PROVIDED RECORDS:
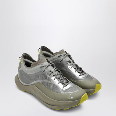 Low Roa sneaker with a silver and khaki green synthetic fabric upper, characterized by lace-up closure, rear loop, logo details, and acid yellow rubber sole.
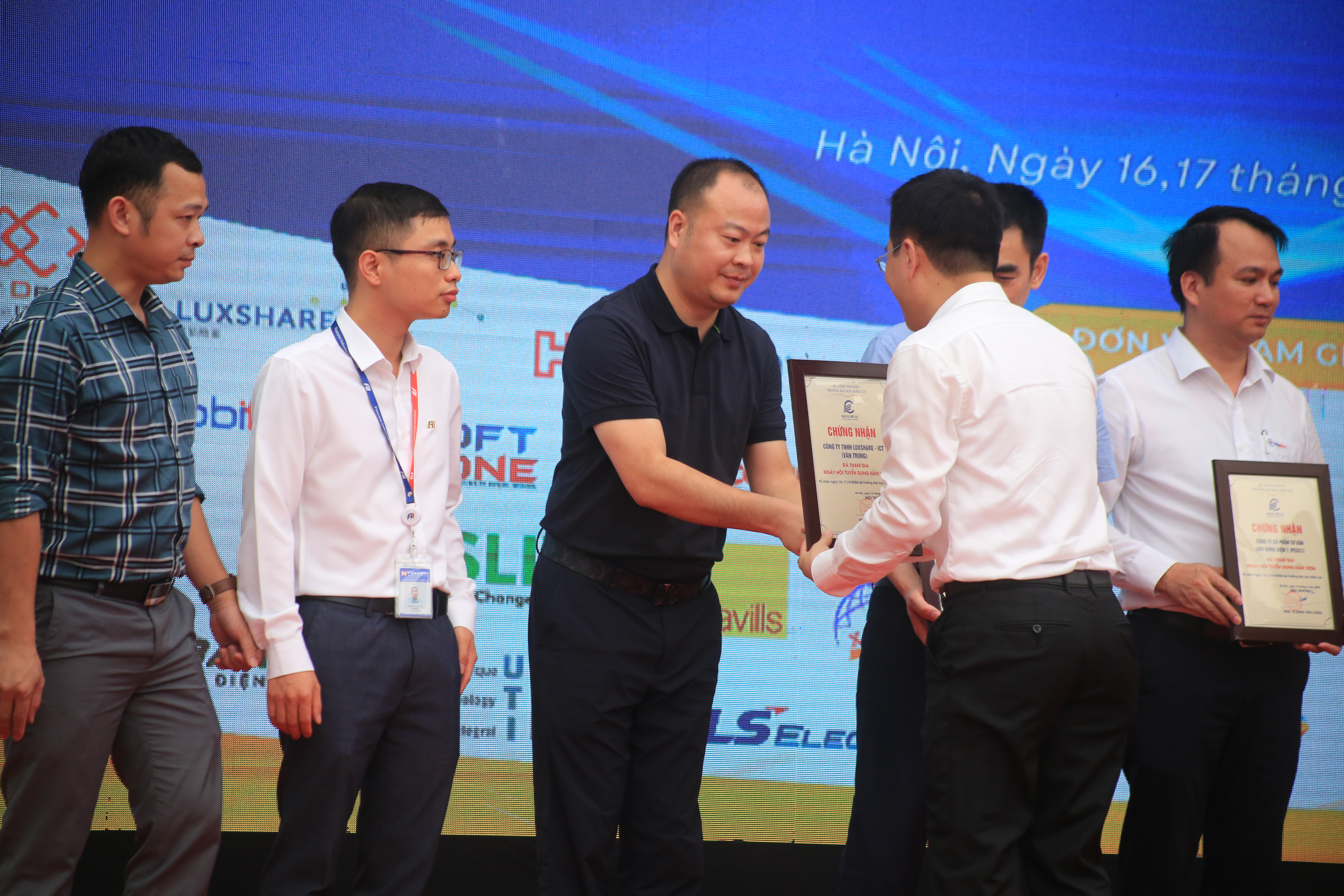 Buổi chiều là hội thảo tuyển dụng Kỹ sư khối Công nghệ thông tin – Điện tử viễn thông với sự tham gia của 15 doanh nghiệp và khoảng 400 sinh viên thuộc Khoa Công nghệ thông tin và Khoa Điện tử viễn thông.
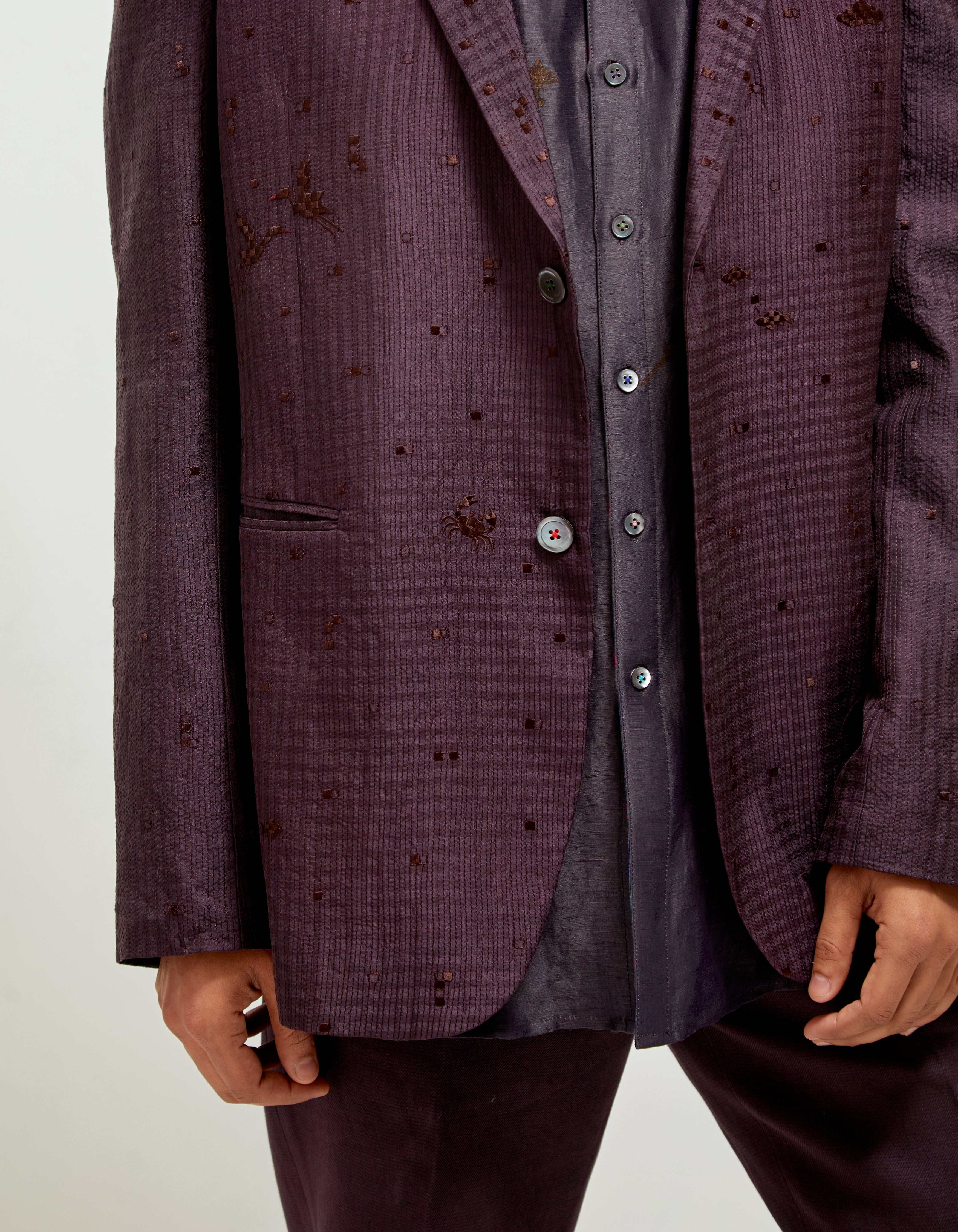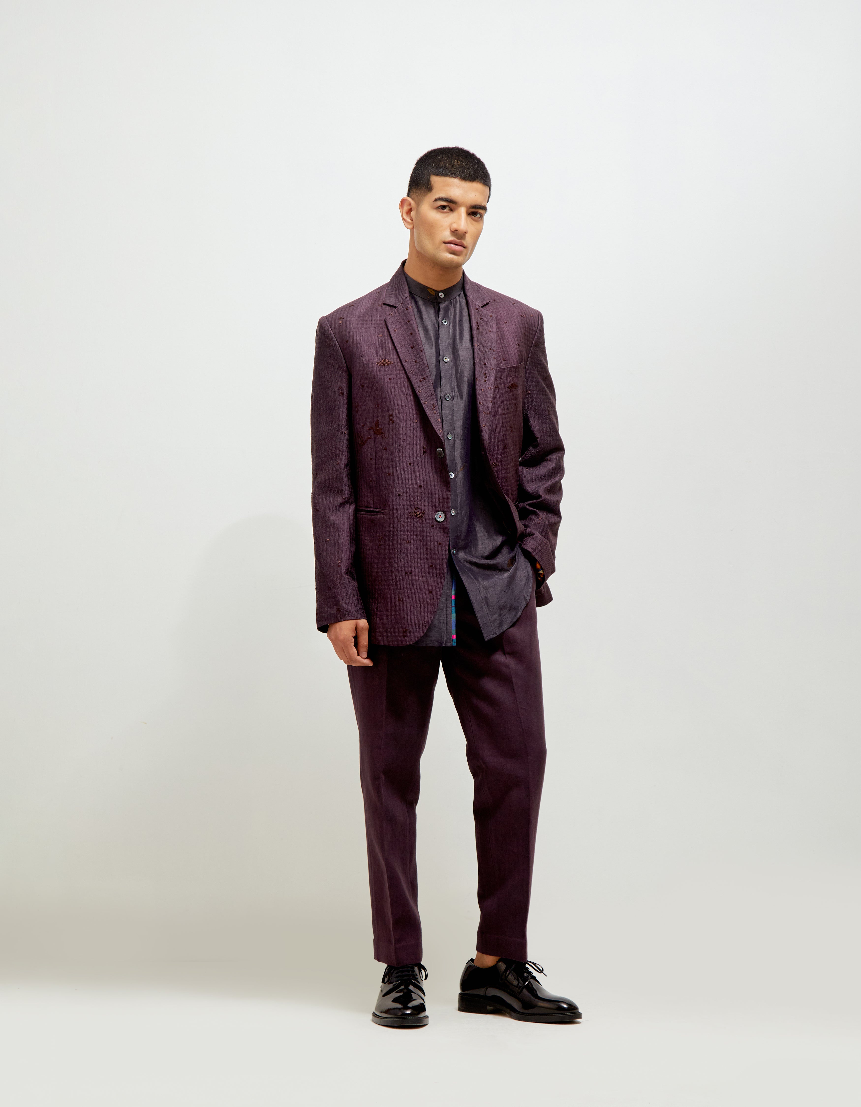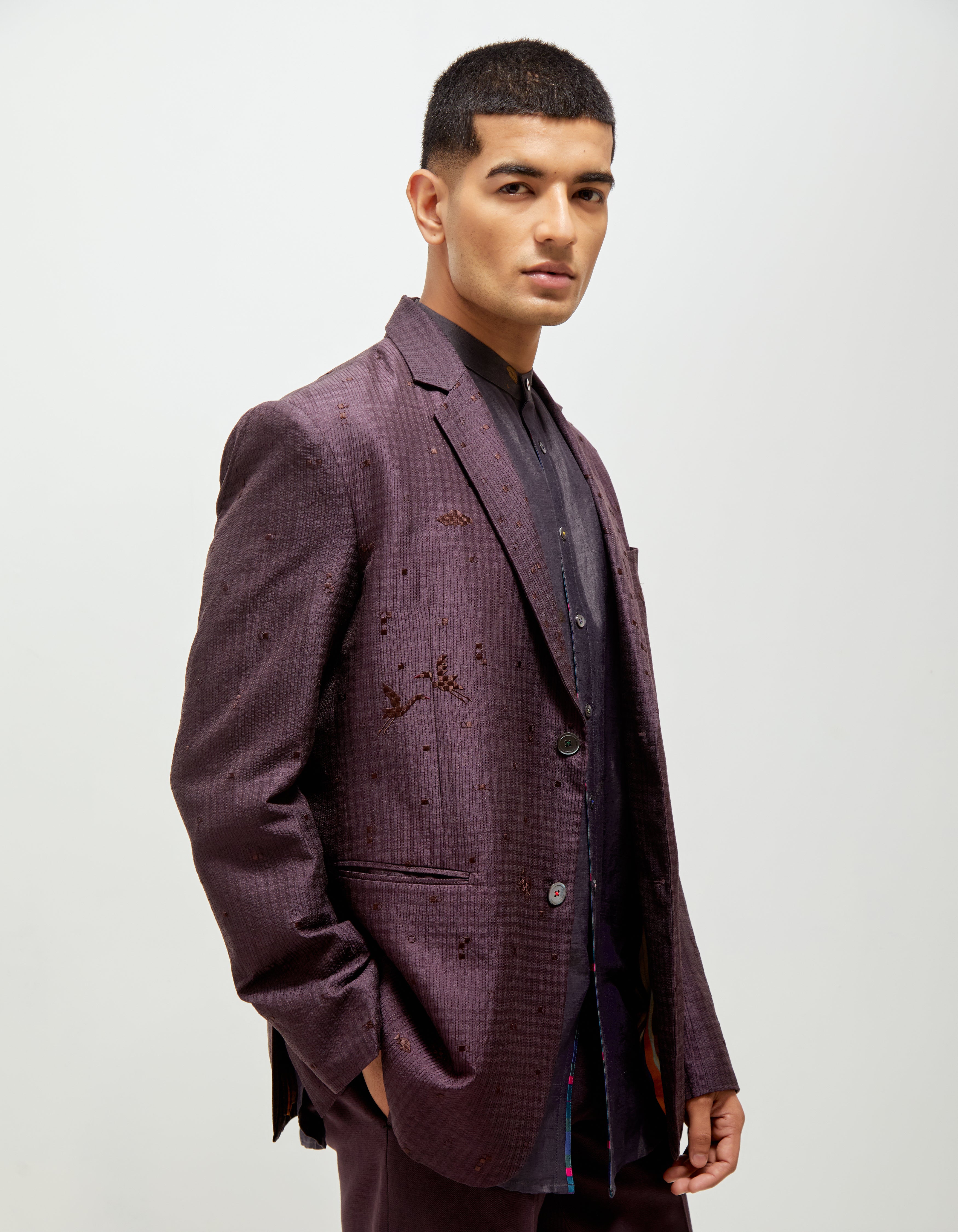 • SD Rana Blazer Emb Phulkari Black Berry Silk Check
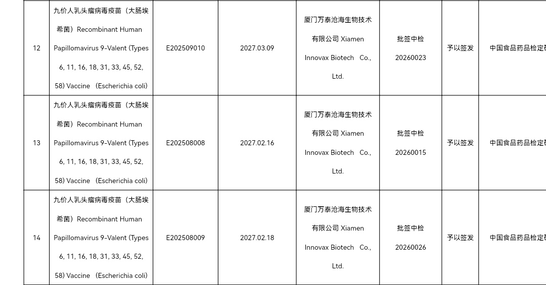 批号是唯一的,截至目前已公开的资料显示,万泰生物九价疫苗共批签发16批次,批号2
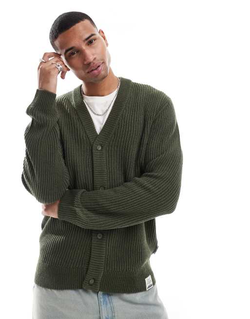 ONLY & SONS ribbed knit cardigan in green

TO DO:
Here the job is to retype exactly the lines that start at the one containing "Berry Silk Check" and run through the end of the records above, leaving out pictures.

WORKED SOLUTION:
 • SD Rana Blazer Emb Phulkari Black Berry Silk Check
 批号是唯一的,截至目前已公开的资料显示,万泰生物九价疫苗共批签发16批次,批号2
 ONLY & SONS ribbed knit cardigan in green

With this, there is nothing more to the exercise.